Estamos passando por um ano difícil, onde a produtividade vai cair. Mas precisamos manter pelo menos uma média sustentável e conseguir voltar a atividade com menos machucados.
O Rio Grande do Sul geralmente sofre com estiagem. Para amenizar os danos, o produtor precisa criar estratégias de melhoria do solo para armazenar o máximo de água no perfil, pois ele guarda o manejo em sua memória e a cada ano ele devolve o seu cuidado em produtividade sustentável. Mesmo em um ano difícil podemos colher mais nas áreas onde temos um maior cuidado.
O plantio das culturas intercalares (plantas de cobertura) é muito importante para a qualidade química, física e biológica do solo.
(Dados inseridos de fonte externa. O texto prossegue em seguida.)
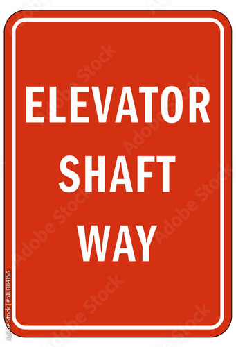 Fototapeta premium Elevator warning sign and labels elevator shaft way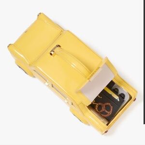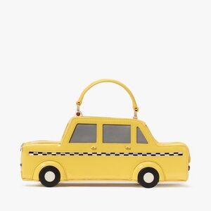 Charming taxi-shaped bag. Vivid yellow with black and white accents. Playful and chic.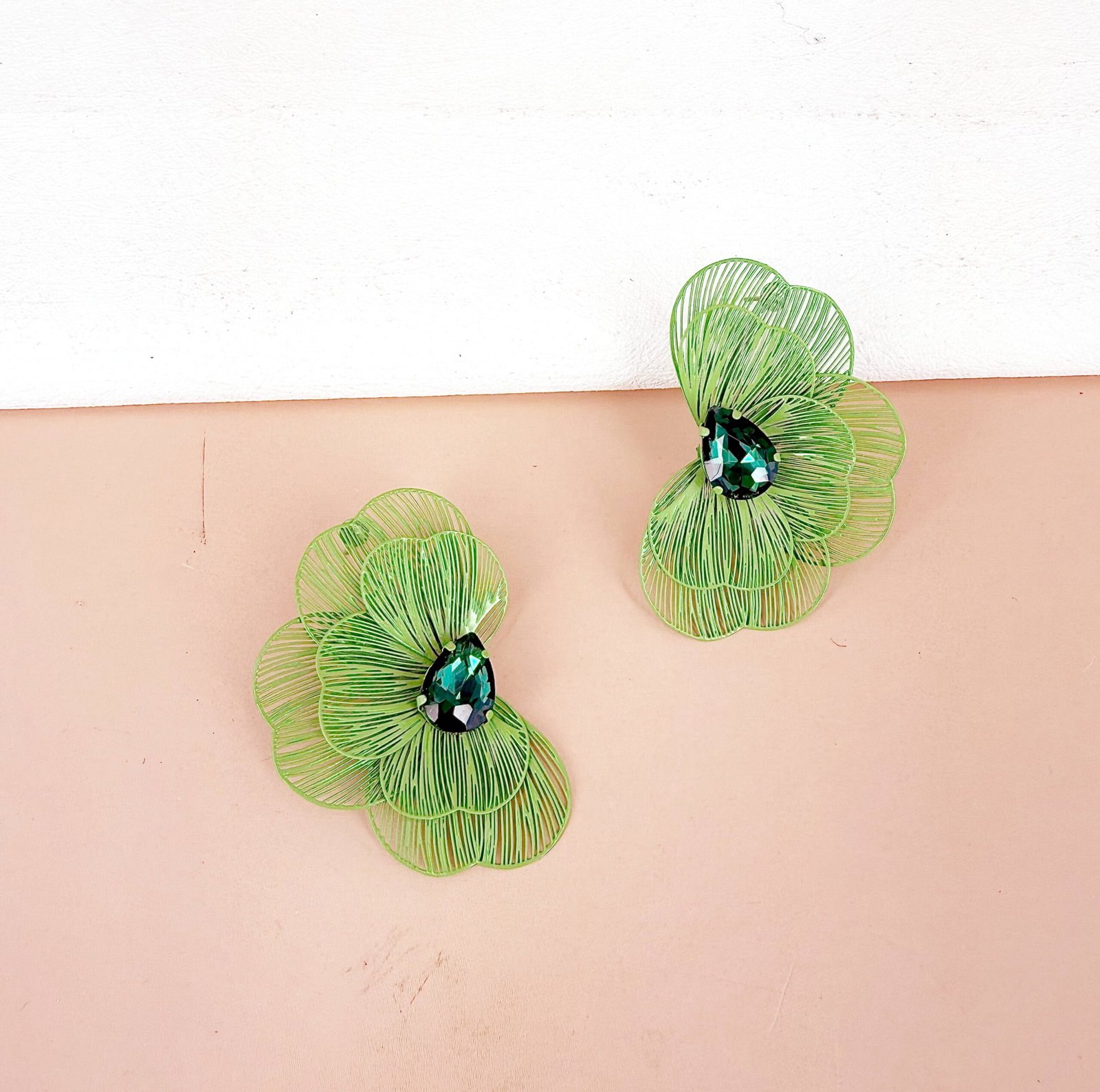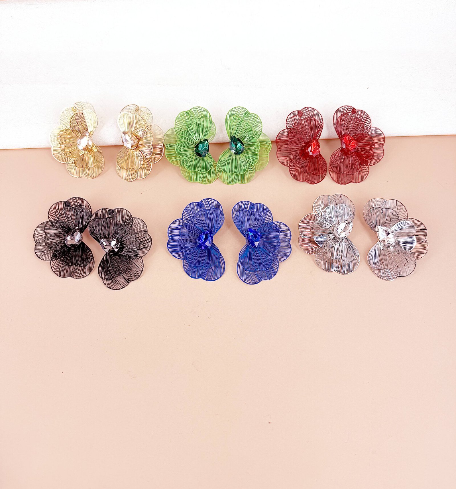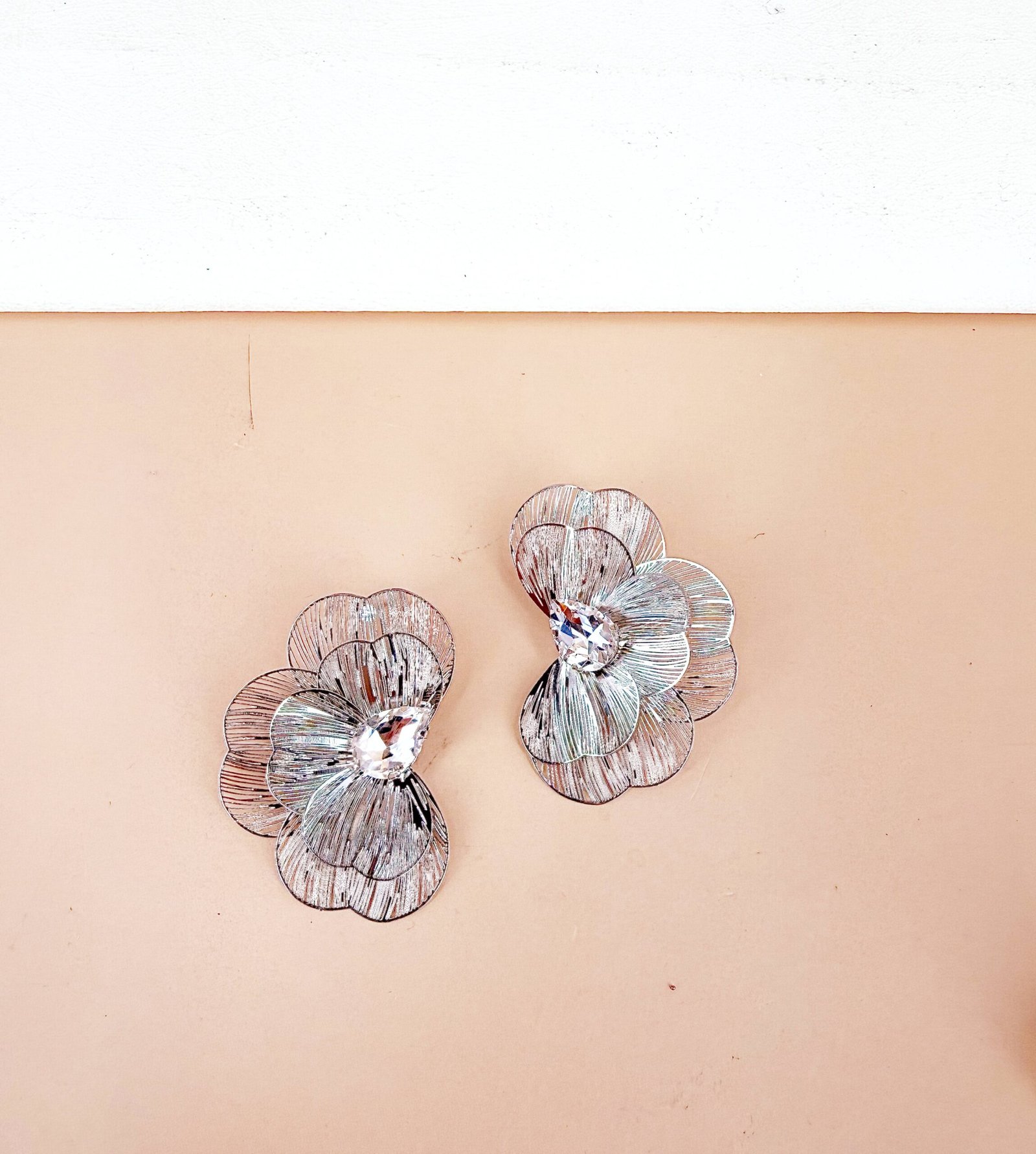 Boucles d’Oreilles « Pétales de Soie » – Fleurs en Filigrane et Cristal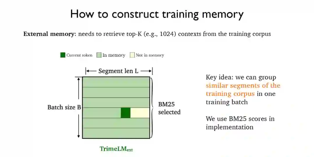 外部记忆需要结合大型数据存储区进行检索。为此可以利用BM25将训练数据中的相似片段放入同一个训练批中,这就得到了结合外部记忆的TrimeLMext模型。

Esse processo visa o aumento da introdução de palhada e a melhoria dos condicionantes de solo e irá entregar para a próxima cultura um potencial produtivo maior e uma chance de produzir mais, mesmo em uma ambiente de stress por falta de água.
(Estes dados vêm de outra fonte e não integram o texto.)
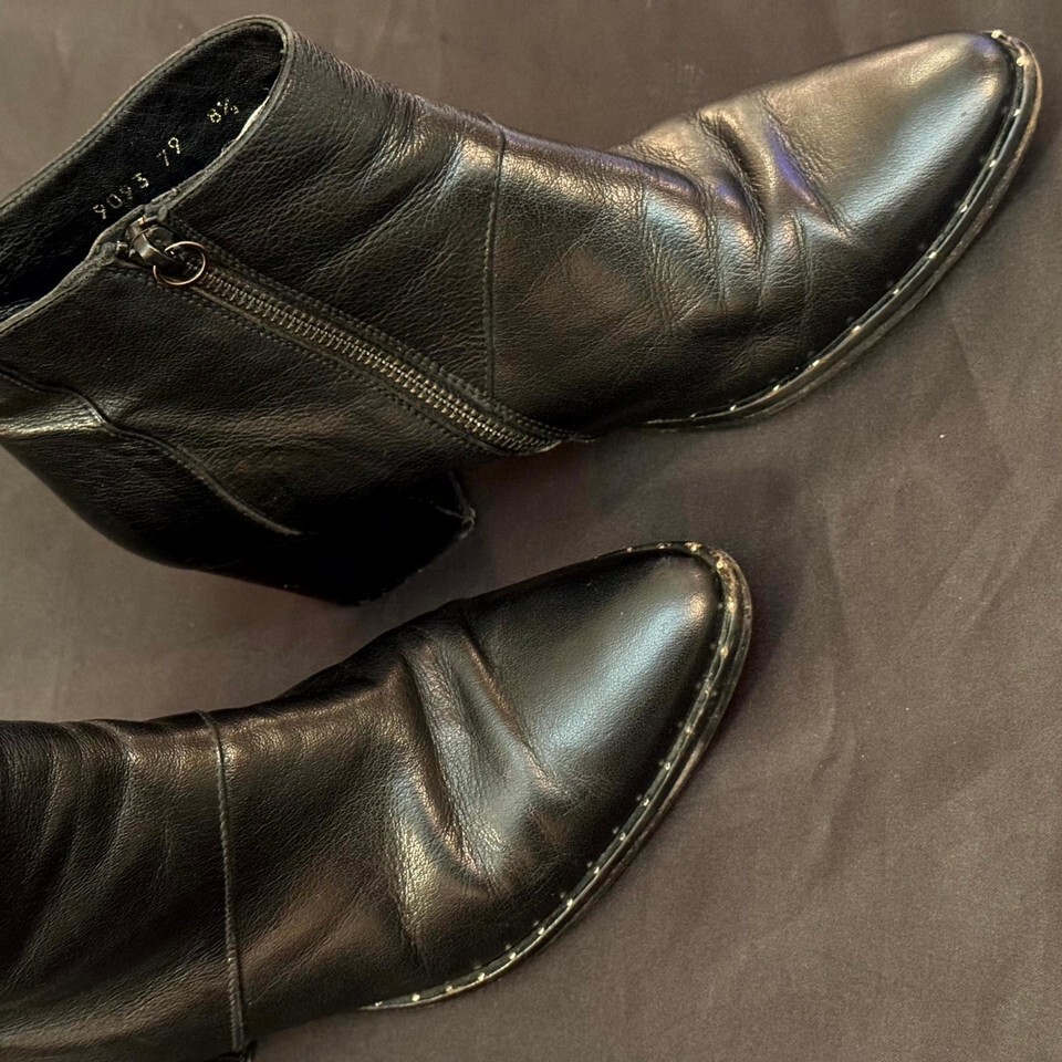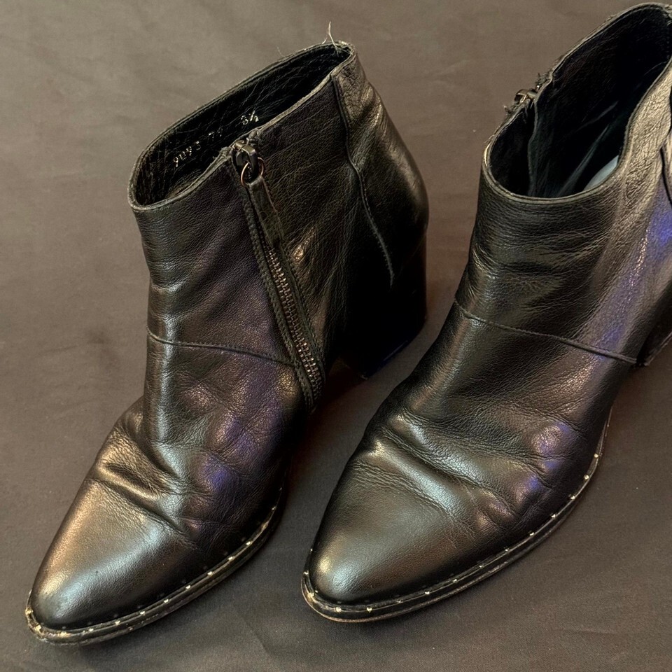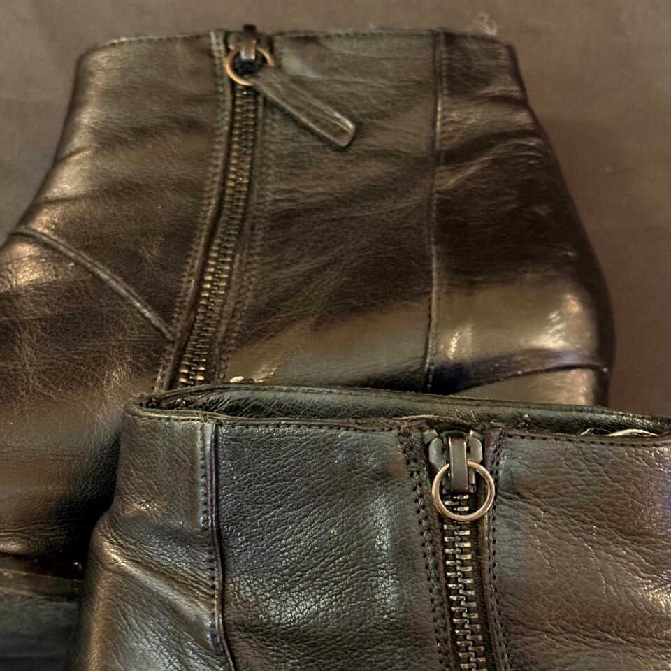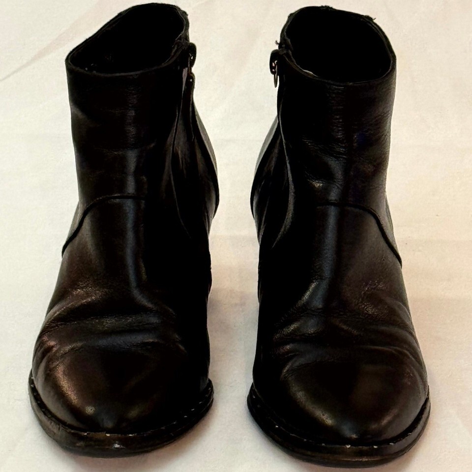 - FREDA SALVADOR Black Leather Ankle Boots Zip Block Heel Size 8.5 Spain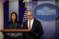 briefing accompanied by U.S. Ambassador to the UN, Nikki Haley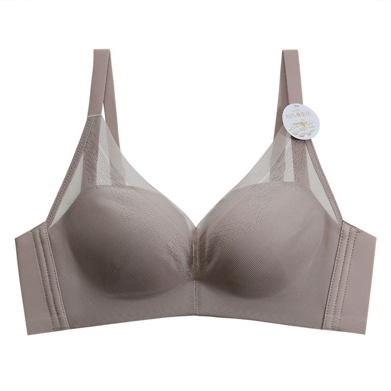 100%桑蚕丝内里无痕内衣女小胸聚拢收副乳防下垂无钢圈舒适文胸罩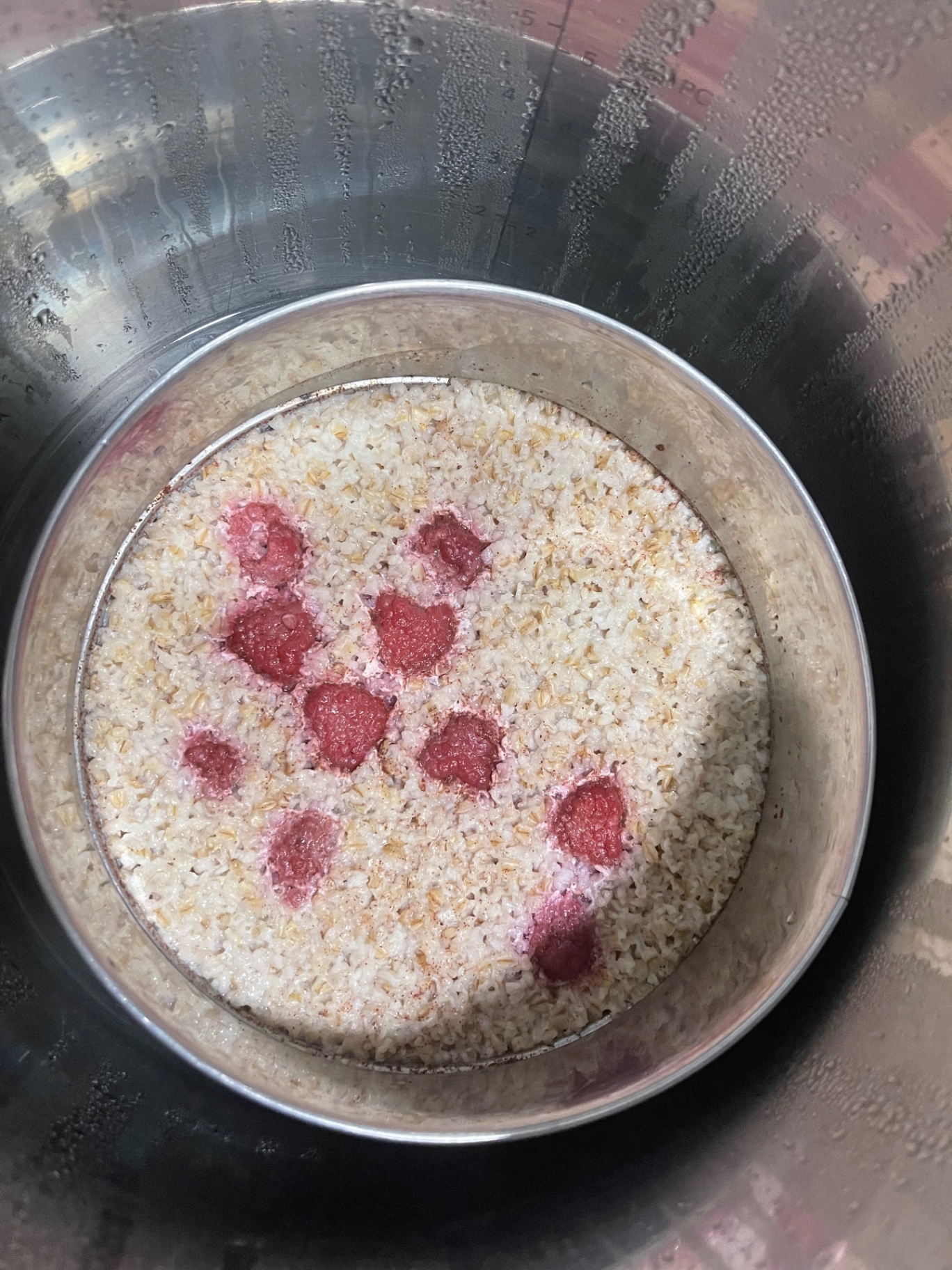 - 1Combine the steel cut oats, cinnamon powder, whole milk, water, and raspberries in the inner pot of an Instant Pot. Ensure the oats to liquid ratio is 1:3.

Com isso, queremos aumentar a capacidade do solo de absorver e reter água para devolver a planta quando ela precisar.
O Rio Grande do Sul possui duas janelas muito importantes para as plantas de cobertura.
No verão, após as colheitas dos cereais, podemos plantar: milho, sorgo, milheto, capim de sudão entre outras culturas. Essas são plantas que produzem um alto volume de massa de carbono e devolvem isso num curto espaço de tempo para o solo.
Visando a proteção do solo e rendimentos de cultivo, no inverno podemos plantar: trigo, cevada, centeio, aveia, nabo e a ervilhaca. Essas são plantas de cobertura que tanto ciclam nutrientes quanto protegem o solo.
O solo possui um bom perfil quando ele é bem estruturado com "galerias" produzidas pelas raízes. Cada vez que as raízes da planta de cobertura conseguem construir um sistema articular temos uma construção de bioporos. Ele é tanto um caminho para a água, quanto um caminho para nutrientes e corretivos de solo.
Com o trabalho de ano após ano o produtor consegue construir um ambiente mais produtivo e sustentável para colher os frutos em um ano adverso.